'Le Monde': Dossiê sobre o financiamento da Líbia a campanha de Sarkozy em 2007

Jornal francês teve acesso ao processo sobre rede de financiamento para presidência

Matéria publicada nesta quinta-feira (3) pelo Le Monde fala sobre a investigação de financiamento da campanha presidencial de Nicolas Sarkozy em 2007. Os juízes Serge Tournaire e Aude Buresi estão com este processo desde abril de 2013, tentando comprovar a doação ilegal oriunda da Líbia. 

Segundo a reportagem do Monde, após três anos e meio de extensas investigações, além de centenas de documentos apontarem a veracidade desta suspeita, eles destacam uma organização criada com a chegada de Nicolas Sarkozy no Ministério do Interior, em 2002, reforçada durante sua eleição em 2007, e que continuou atuando mesmo depois de sua derrota em 2012.
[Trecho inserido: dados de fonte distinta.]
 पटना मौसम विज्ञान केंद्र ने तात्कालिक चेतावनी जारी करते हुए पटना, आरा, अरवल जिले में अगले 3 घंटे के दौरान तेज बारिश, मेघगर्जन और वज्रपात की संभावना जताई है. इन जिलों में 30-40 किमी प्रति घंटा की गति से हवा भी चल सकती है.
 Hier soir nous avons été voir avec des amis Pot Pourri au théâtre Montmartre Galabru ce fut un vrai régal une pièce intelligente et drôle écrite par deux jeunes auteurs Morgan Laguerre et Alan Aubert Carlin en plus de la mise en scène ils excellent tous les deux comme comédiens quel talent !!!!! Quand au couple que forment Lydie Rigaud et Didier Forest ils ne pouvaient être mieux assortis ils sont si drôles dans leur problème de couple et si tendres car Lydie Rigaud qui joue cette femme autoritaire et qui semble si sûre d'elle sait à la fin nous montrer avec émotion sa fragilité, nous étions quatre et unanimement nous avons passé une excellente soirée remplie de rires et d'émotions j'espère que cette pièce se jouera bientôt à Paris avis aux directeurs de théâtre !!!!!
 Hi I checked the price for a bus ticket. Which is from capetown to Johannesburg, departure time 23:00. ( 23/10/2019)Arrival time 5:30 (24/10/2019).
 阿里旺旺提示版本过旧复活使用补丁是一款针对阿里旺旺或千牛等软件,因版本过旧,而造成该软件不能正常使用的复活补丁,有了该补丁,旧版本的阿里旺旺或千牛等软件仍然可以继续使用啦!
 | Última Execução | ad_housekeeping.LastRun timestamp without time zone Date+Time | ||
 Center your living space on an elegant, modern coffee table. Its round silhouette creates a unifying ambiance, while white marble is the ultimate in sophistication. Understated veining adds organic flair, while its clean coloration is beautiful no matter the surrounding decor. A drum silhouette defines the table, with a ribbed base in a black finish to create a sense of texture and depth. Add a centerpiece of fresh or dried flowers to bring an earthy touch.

> > Le Monde Enquête sur le financement libyen : les soupçons qui pèsent sur les réseaux Sarkozy

O acúmulo de evidências e pistas

Juízes interrogaram desde ex-dignitários líbios até diplomatas franceses, funcionários e empresários que reforçam a suspeita sobre o financiamento por parte da Muammar Gaddafi, da Líbia. O embaixador da França para a Líbia entre janeiro de 2008 e fevereiro de 2011, François Gouyette, foi pego em uma conversa telefônica suspeita falando sobre a doação, mas a justiça só recebeu esta informação após 2011, quando se iniciou a revolução Líbia. Duas pessoas falaram sobre o assunto, sendo que uma falou de 5 milhões de euros, e o outro mencionou o valor de 50 milhões de euros. Os juízes não conseguiram cruzar seus depoimentos.

No final de setembro deste ano, o site Mediapart revelou a existência de livros de um ex-ministro confirmando a doação de US $ 6,5 milhões por parte dos líbios. 

Le Monde revela as notas exatas dos livros deste ex-clérigo encontrado morto nas águas do Danúbio, na Áustria em 29 de abril de 2012. Cinco anos antes, em 29 de Abril de 2007, ele pertencia a Bashir Saleh, chefe de Muammar Gaddafi e dizia: 

"Ao meio-dia almocei com El Baghdadi [primeiro-ministro] e Bashir Saleh Bashir. Bashir falou do envio de 1,5 milhões de euros para Sarkozy quando Saif [Al-Islam Gaddafi, filho do líder líbio] deu 3 milhões de euros. Mas eles foram informados de que o dinheiro não tinha chegado. Parece que os "caras" no caminho tiveram que dar 2 milhões a Abdullah Senussi [chefe dos serviços de inteligência líbios]. "

O papel central do intermediário Alexander Djouhri

Muito próximo de Nicolas Sarkozy, o empresário francês Alexandre Djouhri está no coração desta investigação, principalmente por conta de suas negociações com a Líbia. Os juízes suspeitam que esses acordos tenham beneficiado o financiamento da campanha de Nicolas Sarkozy.

Alexandre se tornou alvo da investigação após a compra de uma casa no sul da França, em Mougins (Alpes Marítimos), que foi vendida por um valor muito acima do mercado a Carteira líbio Africana de Investimento (LAP), liderada por seu amigo, Bashir Saleh. 

Três dias de revelações sobre o sistema de Sarkozy

Le Monde revela, em três publicações sucessivas, a existência de um vasto sistema penal, envolvendo altos funcionários ligados a Nicolas Sarkozy. Esta rede, dedicada à proteção do ex-chefe de Estado, é composto por policiais ou magistrados que permaneceram leais ao ex-presidente, mas também empresários, intermediários, diplomatas e até mesmo jornalistas. Uma estrutura informal está sendo deflagrada, graças a várias investigações criminais, lideradas pelo juiz Serge Tournaire, que apenas o Le Monde teve acesso.